MiraData: A Large-scale Video Dataset With Long Duration and Structured Captions
Date
Size
Publish URL
Categories
* This dataset supports online use.Click here to jump.
MiraData is a large video dataset jointly developed by Tencent PCG ARC Lab and the Chinese University of Hong Kong in 2024. It is designed for long video generation tasks. The paper results are "MiraData: A Large-Scale Video Dataset with Long Durations and Structured Captions"
Different from previous short video clips, MiraData focuses on uncut video clips of 1 to 2 minutes (average duration 72.1 seconds), and each video is equipped with structured descriptions from different angles, with an average description length of 318 words, ensuring a comprehensive presentation of the video content. It includes six types of descriptions: subject description, background, style, camera movement, short description, and dense description, which enhances the description depth of the dataset.

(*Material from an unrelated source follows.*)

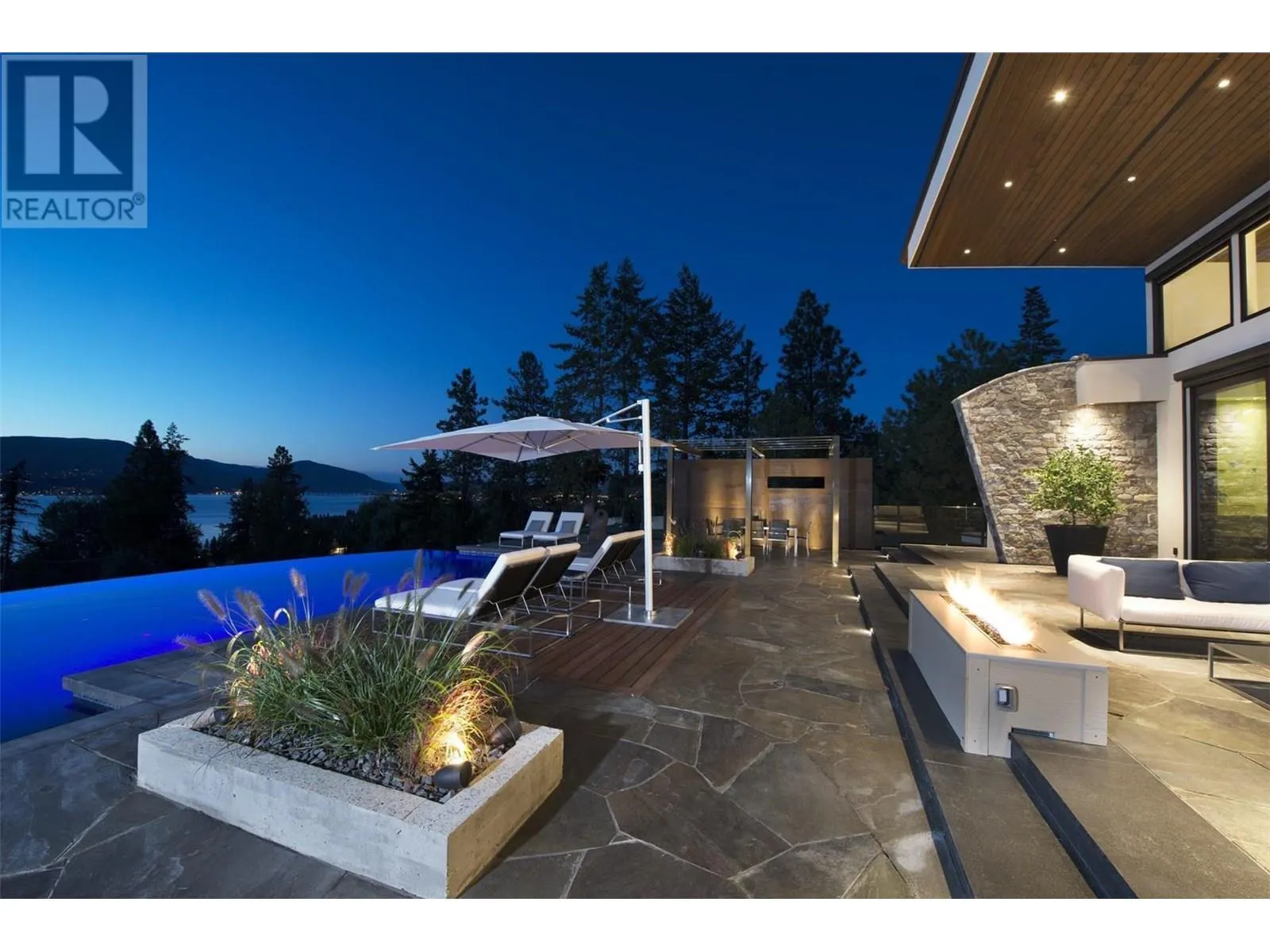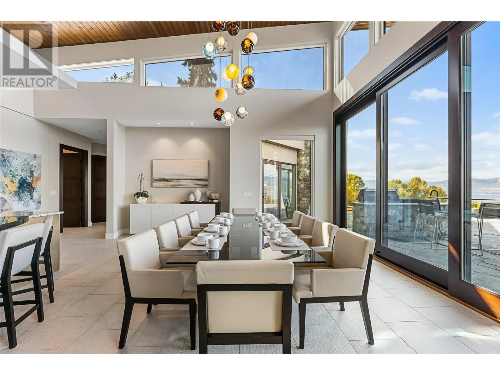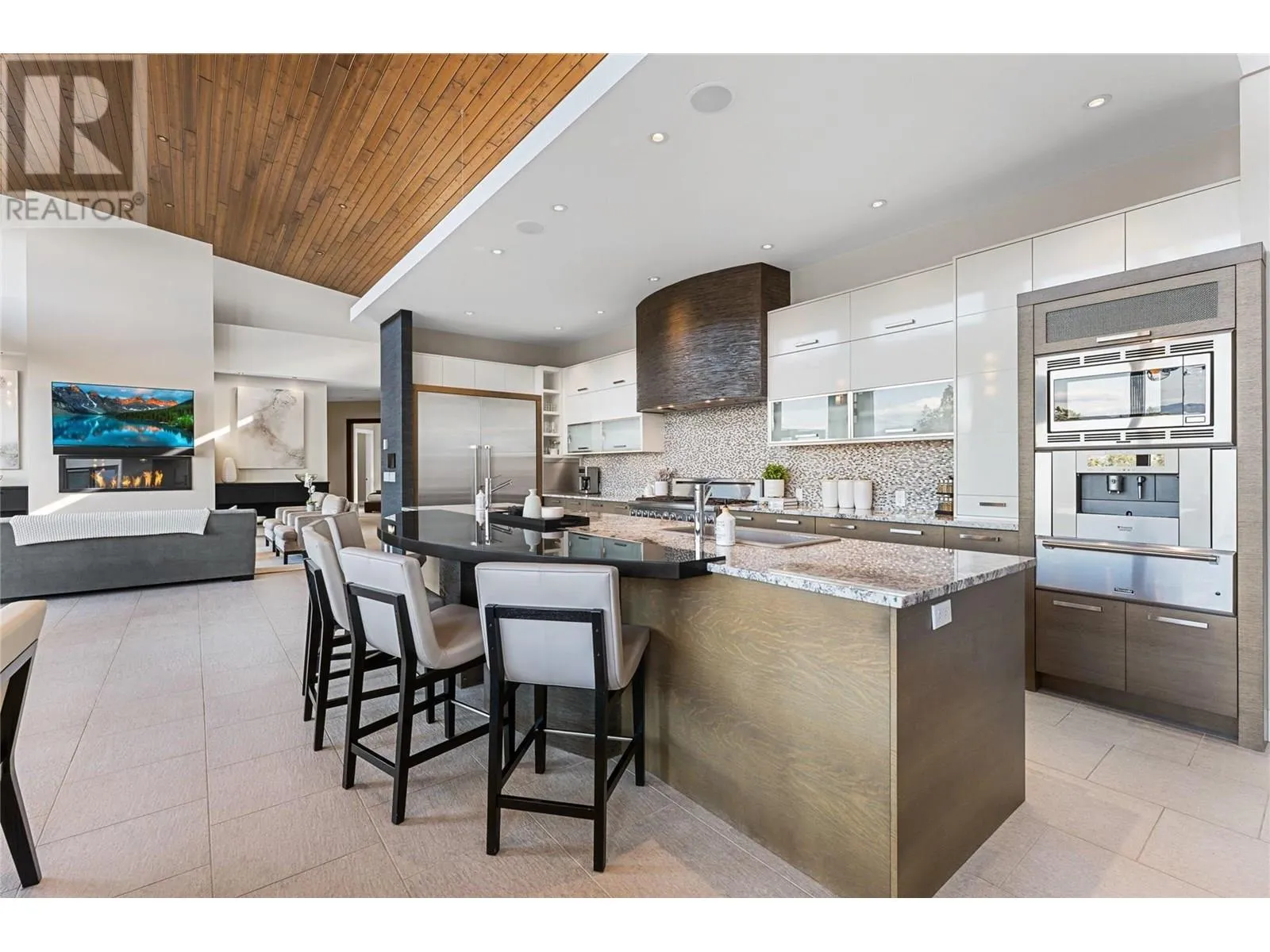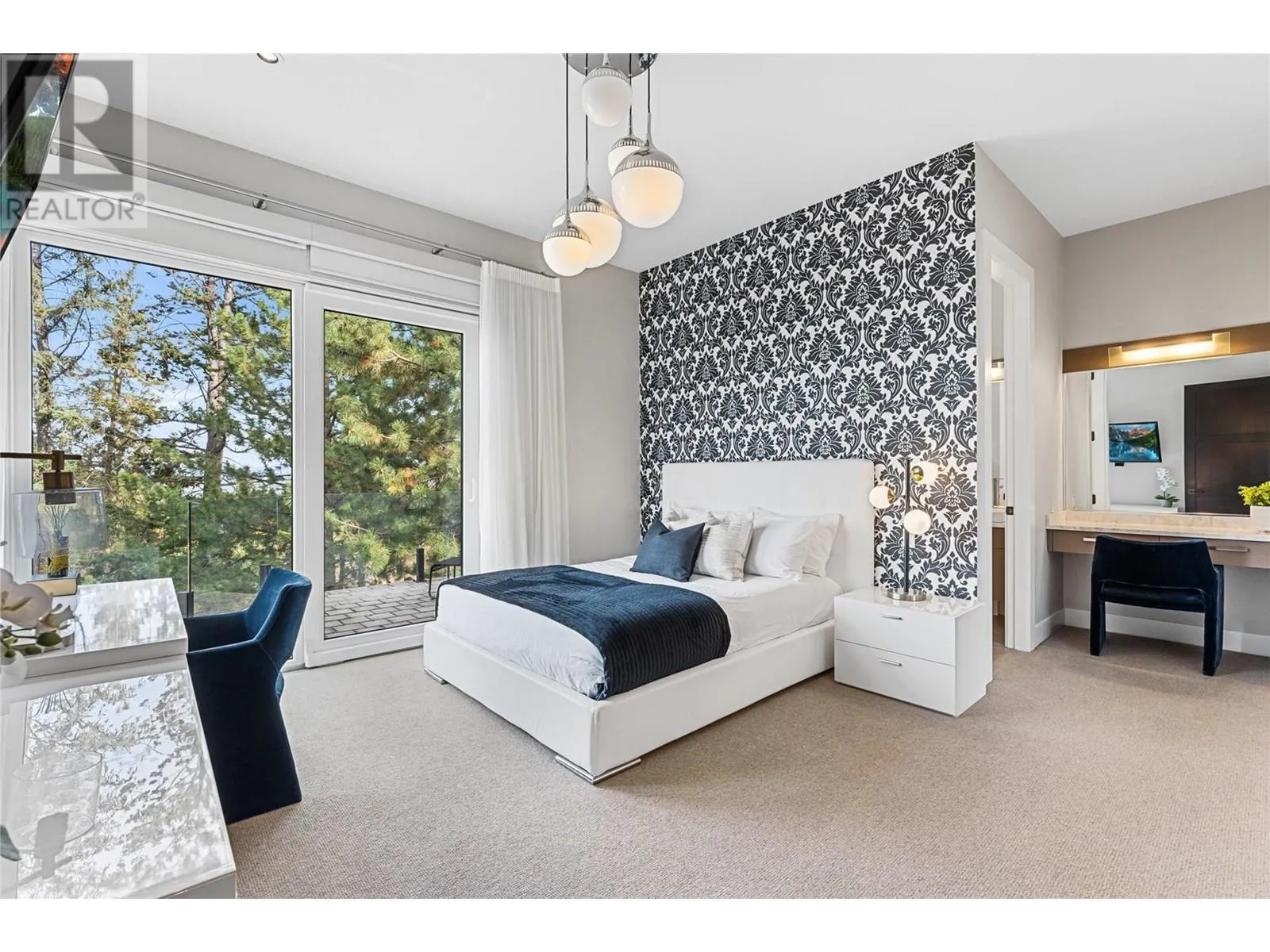 Private estate home set on 2.05 acres and perfectly positioned to capture the stunning lake, city and vineyard views. Enjoy an expansive flagstone patio with a spectacular negative edge saltwater infinity pool that creates a resort-like setting with room to lounge, entertain and take in the breathtaking views. Gated entry leads to heated triple garage & single garage plus RV garage. Upon entering the home youâll notice walls of glass showcase views of the pool, lake and beyond. Soaring ceiling height w/floor to ceiling windows & sliding wall system create a seamless extension to the outdoors with the open concept great room, dining & kitchen. Kitchen features oversized granite island, professional appliances, custom fixtures & cabinetry. Generous sized lake view primary bedroom framed in windows w/ linear gas fireplace & full ensuite with frameless glass shower, his/her sinks and soaker tub. Contemporary style home is over 5500 square feet with 4 bedrooms & 6 baths. Lower level boasts wine room, media room and games room. New pool, patio, pergola & outdoor living space completed in the summer 2015. The home blends exterior with interior living superbly. Located a short stroll to adjacent Summerhill Winery and minutes to the lake, hiking, dining, boutiques and schools. (id:27476)
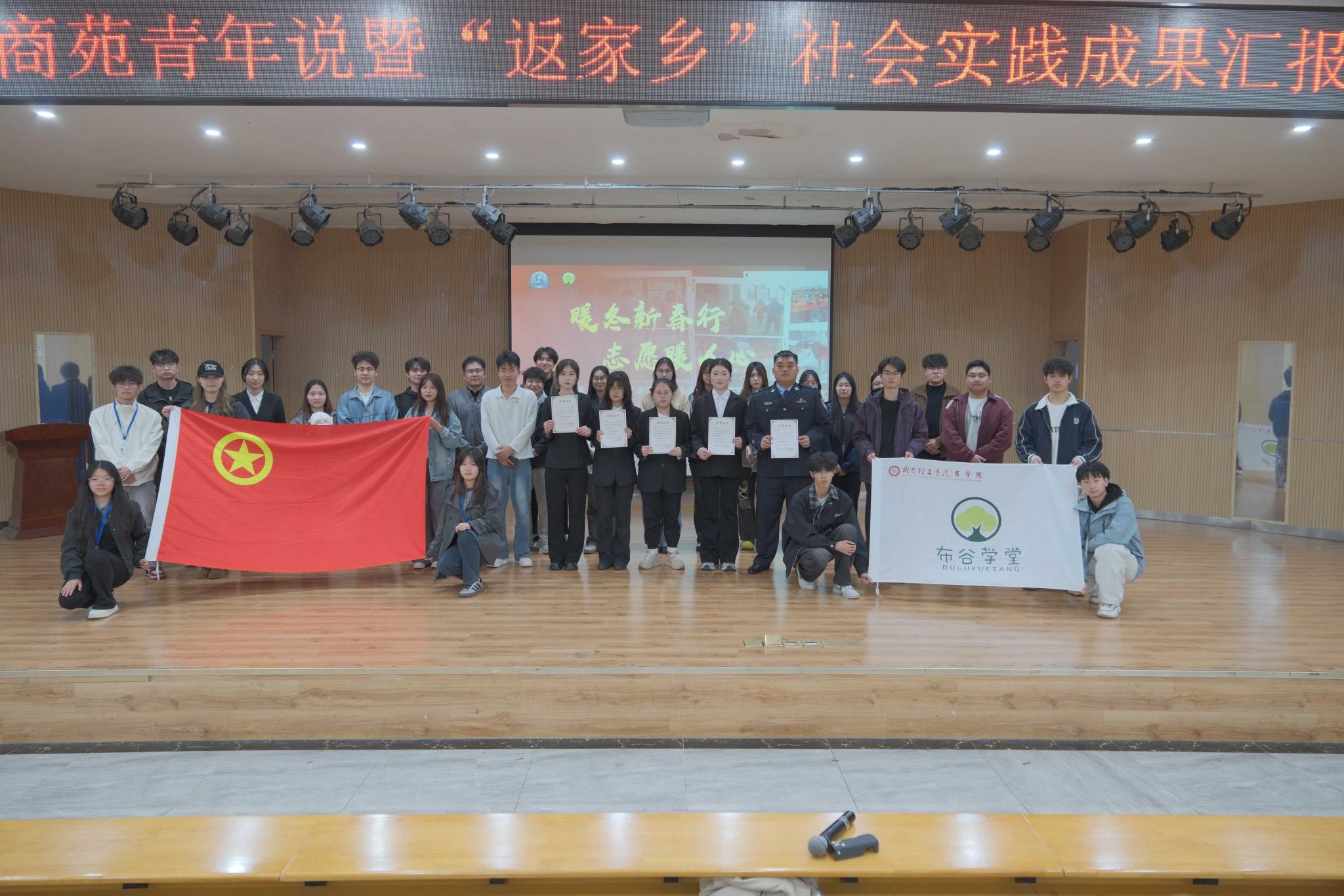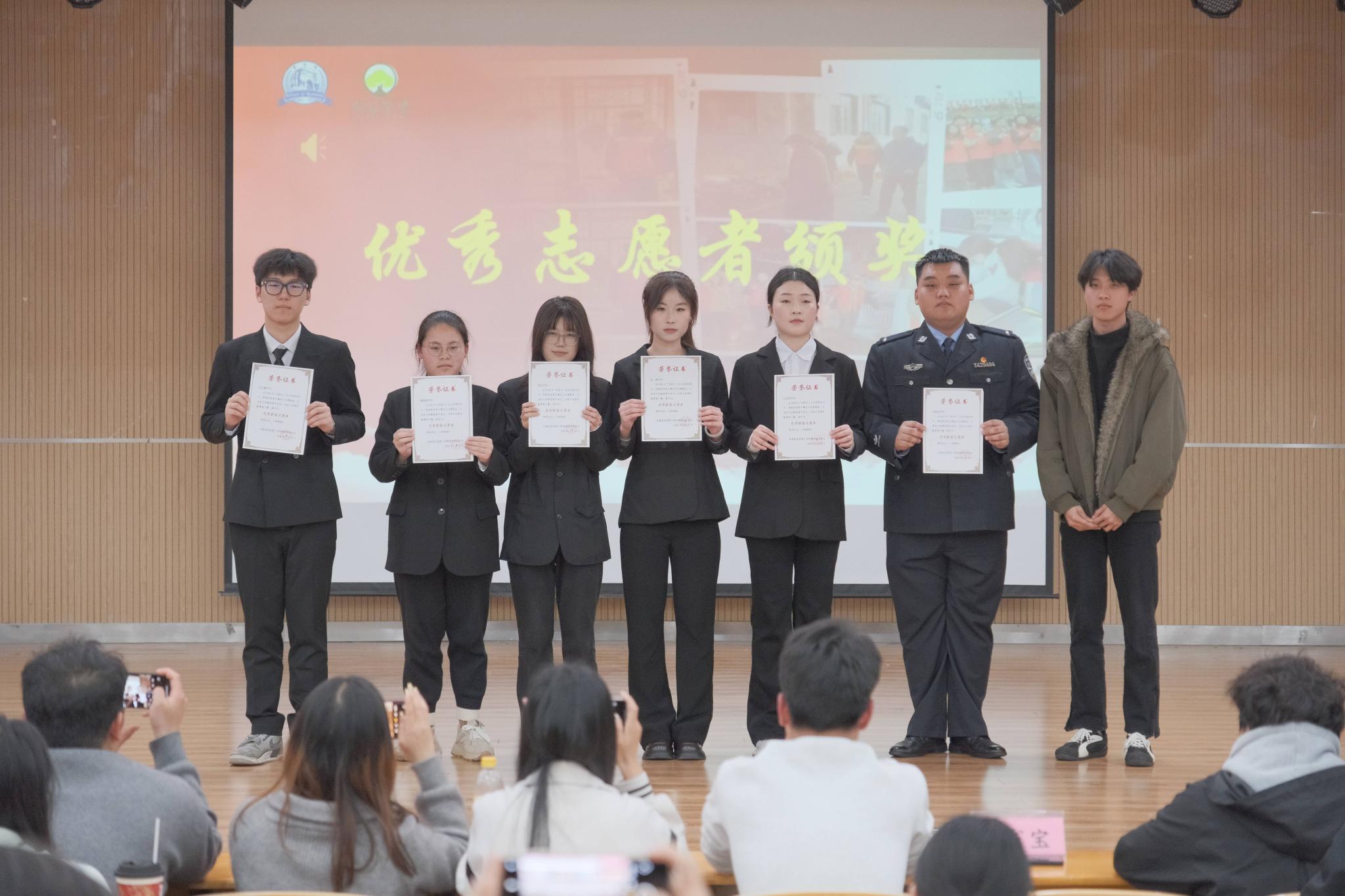 学子分享结束后,活动进入“优秀新春志愿者”颁奖环节。经过前期严格评选,一批在寒假志愿服务中表现优异的同学荣获表彰,商学院学生会主席邓省宝为获奖同学颁发荣誉证书并合影留念,榜样的力量让现场氛围推向高潮。

To ensure high-quality clips, the research team filtered the dataset into five subsets based on aesthetics, motion intensity, and color, selecting clips with high visual quality and strong motion intensity. To obtain detailed and accurate descriptions, the research team first generated short subtitles using a state-of-the-art subtitle generator, and then enriched them using GPT-4V to generate dense subtitles. In order to provide fine-grained video descriptions from multiple perspectives.
The MiraData dataset provides valuable resources and new challenges for researchers in the fields of long video generation, video content understanding and generation.